TASK DETAILS:
Among the entries below, find the line with "Połączenie matowej czerni" and the line with "Gegen 8:00 Uhr". Return exactly those lines and every line between them, but no pictures.

DATA SHOWN:
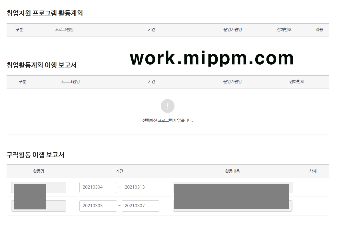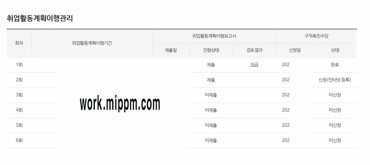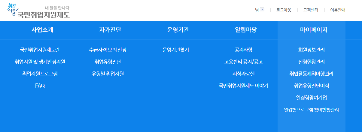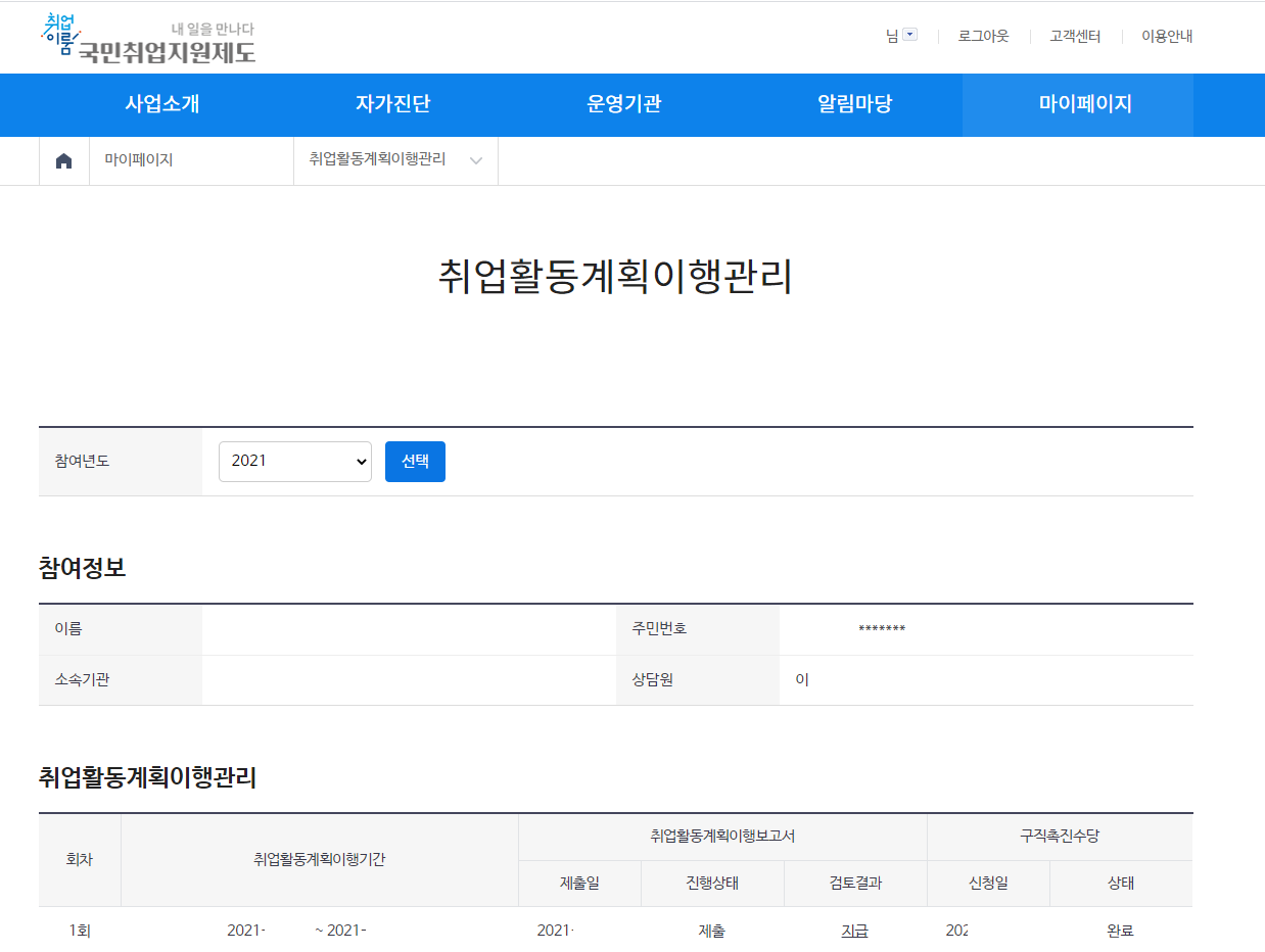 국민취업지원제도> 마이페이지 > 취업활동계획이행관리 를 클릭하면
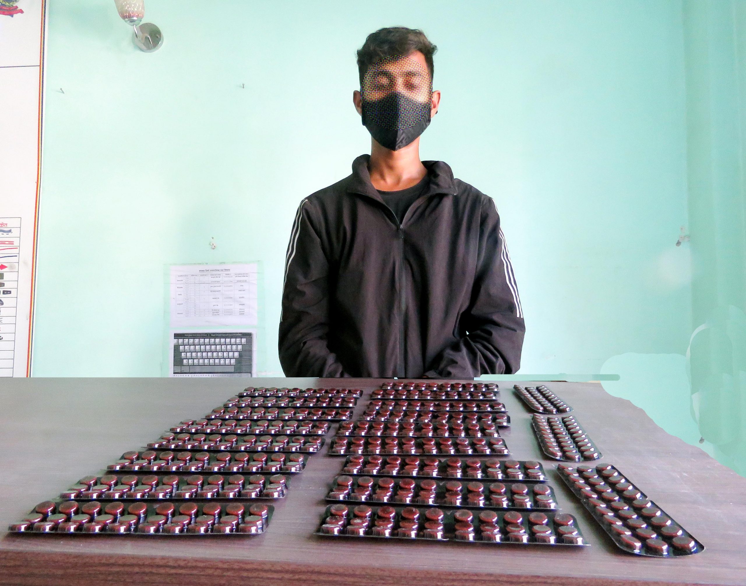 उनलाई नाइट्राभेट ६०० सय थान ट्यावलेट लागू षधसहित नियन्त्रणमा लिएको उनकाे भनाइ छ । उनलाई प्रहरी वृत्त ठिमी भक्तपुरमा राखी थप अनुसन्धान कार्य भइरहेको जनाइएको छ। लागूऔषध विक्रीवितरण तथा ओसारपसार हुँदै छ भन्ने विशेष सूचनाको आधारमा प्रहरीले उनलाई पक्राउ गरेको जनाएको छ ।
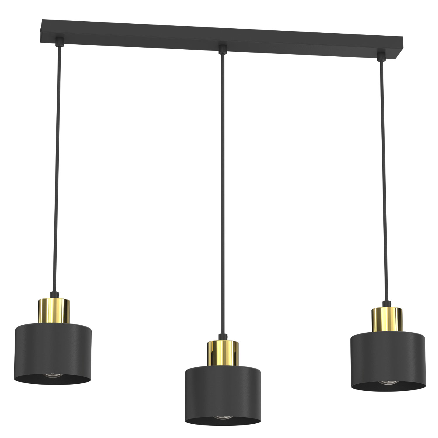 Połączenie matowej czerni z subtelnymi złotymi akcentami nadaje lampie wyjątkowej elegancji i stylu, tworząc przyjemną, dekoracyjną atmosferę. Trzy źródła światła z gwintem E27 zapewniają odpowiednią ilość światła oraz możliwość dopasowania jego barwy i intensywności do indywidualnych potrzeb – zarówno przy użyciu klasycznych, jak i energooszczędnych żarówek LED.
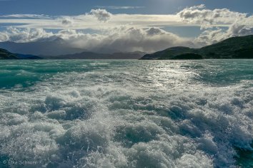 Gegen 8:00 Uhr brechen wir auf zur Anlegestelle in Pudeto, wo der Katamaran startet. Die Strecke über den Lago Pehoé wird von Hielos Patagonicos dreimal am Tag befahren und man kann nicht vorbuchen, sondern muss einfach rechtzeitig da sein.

* * *

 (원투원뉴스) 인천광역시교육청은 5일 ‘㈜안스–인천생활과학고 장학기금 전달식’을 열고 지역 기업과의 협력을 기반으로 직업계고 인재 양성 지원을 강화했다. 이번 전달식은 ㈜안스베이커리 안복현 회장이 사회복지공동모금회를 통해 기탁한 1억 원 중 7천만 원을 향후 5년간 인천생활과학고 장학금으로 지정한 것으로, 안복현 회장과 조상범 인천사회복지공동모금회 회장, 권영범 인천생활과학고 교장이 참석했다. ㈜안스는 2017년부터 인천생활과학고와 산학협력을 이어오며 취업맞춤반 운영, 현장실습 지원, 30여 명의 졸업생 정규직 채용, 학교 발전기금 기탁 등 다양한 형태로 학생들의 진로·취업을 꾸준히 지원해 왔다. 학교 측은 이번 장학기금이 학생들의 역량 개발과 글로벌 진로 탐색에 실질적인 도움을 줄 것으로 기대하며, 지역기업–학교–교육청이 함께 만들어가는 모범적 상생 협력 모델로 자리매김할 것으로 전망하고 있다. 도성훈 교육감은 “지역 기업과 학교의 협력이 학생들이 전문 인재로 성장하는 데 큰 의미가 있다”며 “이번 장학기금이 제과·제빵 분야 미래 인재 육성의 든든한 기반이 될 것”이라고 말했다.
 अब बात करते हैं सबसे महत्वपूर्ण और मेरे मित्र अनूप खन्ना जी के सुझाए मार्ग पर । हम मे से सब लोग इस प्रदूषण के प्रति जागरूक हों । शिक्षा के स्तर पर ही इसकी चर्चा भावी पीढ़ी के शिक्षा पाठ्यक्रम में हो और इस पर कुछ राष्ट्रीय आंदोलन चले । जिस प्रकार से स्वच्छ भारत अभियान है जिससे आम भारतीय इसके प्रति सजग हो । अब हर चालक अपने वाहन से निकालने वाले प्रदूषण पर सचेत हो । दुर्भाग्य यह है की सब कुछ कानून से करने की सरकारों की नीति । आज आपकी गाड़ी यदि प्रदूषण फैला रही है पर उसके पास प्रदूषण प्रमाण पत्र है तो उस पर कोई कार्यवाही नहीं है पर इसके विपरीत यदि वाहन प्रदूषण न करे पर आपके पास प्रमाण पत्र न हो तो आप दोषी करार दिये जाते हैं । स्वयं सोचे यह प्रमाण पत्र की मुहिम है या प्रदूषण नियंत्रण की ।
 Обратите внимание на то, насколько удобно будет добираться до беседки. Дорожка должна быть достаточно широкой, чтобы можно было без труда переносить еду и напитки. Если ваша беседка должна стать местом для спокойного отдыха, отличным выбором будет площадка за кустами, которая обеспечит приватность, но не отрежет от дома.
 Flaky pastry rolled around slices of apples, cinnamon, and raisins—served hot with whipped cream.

--

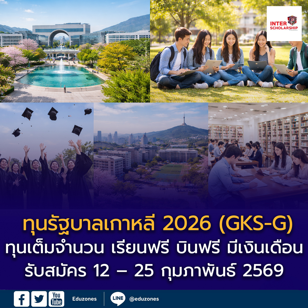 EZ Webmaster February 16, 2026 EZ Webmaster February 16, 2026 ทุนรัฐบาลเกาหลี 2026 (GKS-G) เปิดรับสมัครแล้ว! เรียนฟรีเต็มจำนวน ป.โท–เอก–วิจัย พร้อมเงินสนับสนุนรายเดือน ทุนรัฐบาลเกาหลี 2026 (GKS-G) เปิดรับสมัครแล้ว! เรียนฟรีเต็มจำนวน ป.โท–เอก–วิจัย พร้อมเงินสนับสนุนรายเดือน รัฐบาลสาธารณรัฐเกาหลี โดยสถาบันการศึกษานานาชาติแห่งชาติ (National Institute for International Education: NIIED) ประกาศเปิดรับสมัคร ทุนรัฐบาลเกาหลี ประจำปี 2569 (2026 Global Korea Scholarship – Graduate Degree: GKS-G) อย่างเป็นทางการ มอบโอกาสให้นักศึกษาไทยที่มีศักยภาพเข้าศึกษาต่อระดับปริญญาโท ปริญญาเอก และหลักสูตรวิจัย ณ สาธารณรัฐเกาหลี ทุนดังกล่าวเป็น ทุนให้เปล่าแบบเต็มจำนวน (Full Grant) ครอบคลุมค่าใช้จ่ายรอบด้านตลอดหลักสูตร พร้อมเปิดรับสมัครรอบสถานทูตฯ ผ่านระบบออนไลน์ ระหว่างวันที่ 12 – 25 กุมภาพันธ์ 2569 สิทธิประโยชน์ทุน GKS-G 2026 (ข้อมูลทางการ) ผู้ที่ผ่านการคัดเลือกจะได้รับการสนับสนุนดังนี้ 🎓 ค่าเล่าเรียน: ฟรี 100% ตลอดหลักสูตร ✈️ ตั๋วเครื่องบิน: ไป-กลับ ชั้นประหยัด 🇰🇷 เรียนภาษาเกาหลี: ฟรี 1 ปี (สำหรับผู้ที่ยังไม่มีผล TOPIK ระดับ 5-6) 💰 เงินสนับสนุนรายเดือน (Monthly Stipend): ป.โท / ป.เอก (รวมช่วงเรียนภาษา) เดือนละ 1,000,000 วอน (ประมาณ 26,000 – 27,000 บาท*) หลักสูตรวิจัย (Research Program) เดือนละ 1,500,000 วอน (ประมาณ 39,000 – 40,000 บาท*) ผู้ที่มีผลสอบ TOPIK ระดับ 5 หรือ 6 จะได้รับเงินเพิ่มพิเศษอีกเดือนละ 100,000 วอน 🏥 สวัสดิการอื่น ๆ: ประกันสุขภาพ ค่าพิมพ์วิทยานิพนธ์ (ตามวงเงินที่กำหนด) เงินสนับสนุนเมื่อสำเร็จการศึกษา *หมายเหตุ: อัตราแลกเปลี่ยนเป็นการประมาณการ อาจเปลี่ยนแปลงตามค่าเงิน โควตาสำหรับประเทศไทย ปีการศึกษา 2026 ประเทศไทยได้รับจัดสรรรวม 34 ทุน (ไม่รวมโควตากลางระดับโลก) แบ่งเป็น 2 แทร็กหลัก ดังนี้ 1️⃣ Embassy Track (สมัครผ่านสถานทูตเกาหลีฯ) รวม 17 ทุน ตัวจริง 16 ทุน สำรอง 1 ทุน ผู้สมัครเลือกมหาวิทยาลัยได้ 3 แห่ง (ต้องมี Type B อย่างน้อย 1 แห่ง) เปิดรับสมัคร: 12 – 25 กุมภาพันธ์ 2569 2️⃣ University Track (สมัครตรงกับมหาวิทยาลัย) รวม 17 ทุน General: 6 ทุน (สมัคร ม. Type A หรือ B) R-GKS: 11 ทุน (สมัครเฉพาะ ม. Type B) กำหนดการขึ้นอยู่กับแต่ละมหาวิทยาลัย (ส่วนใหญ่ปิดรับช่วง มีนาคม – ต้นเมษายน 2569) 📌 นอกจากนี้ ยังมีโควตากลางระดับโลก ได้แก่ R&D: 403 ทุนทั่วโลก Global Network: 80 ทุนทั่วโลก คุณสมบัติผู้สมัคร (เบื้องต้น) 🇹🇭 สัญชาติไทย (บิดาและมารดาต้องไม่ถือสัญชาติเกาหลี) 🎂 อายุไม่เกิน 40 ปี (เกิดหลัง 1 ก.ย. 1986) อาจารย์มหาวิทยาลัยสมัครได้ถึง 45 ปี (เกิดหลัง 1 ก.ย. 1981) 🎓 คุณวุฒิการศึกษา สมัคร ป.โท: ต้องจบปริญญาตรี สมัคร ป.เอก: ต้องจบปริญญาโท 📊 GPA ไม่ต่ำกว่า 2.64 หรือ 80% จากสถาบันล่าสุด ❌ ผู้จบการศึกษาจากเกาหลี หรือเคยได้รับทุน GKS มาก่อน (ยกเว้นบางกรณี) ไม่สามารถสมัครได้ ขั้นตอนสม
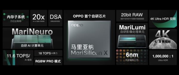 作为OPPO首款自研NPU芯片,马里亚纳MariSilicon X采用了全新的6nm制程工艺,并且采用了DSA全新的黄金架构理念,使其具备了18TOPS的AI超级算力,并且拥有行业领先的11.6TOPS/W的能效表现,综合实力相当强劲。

REPLY TO THE TASK:
 Połączenie matowej czerni z subtelnymi złotymi akcentami nadaje lampie wyjątkowej elegancji i stylu, tworząc przyjemną, dekoracyjną atmosferę. Trzy źródła światła z gwintem E27 zapewniają odpowiednią ilość światła oraz możliwość dopasowania jego barwy i intensywności do indywidualnych potrzeb – zarówno przy użyciu klasycznych, jak i energooszczędnych żarówek LED.
 Gegen 8:00 Uhr brechen wir auf zur Anlegestelle in Pudeto, wo der Katamaran startet. Die Strecke über den Lago Pehoé wird von Hielos Patagonicos dreimal am Tag befahren und man kann nicht vorbuchen, sondern muss einfach rechtzeitig da sein.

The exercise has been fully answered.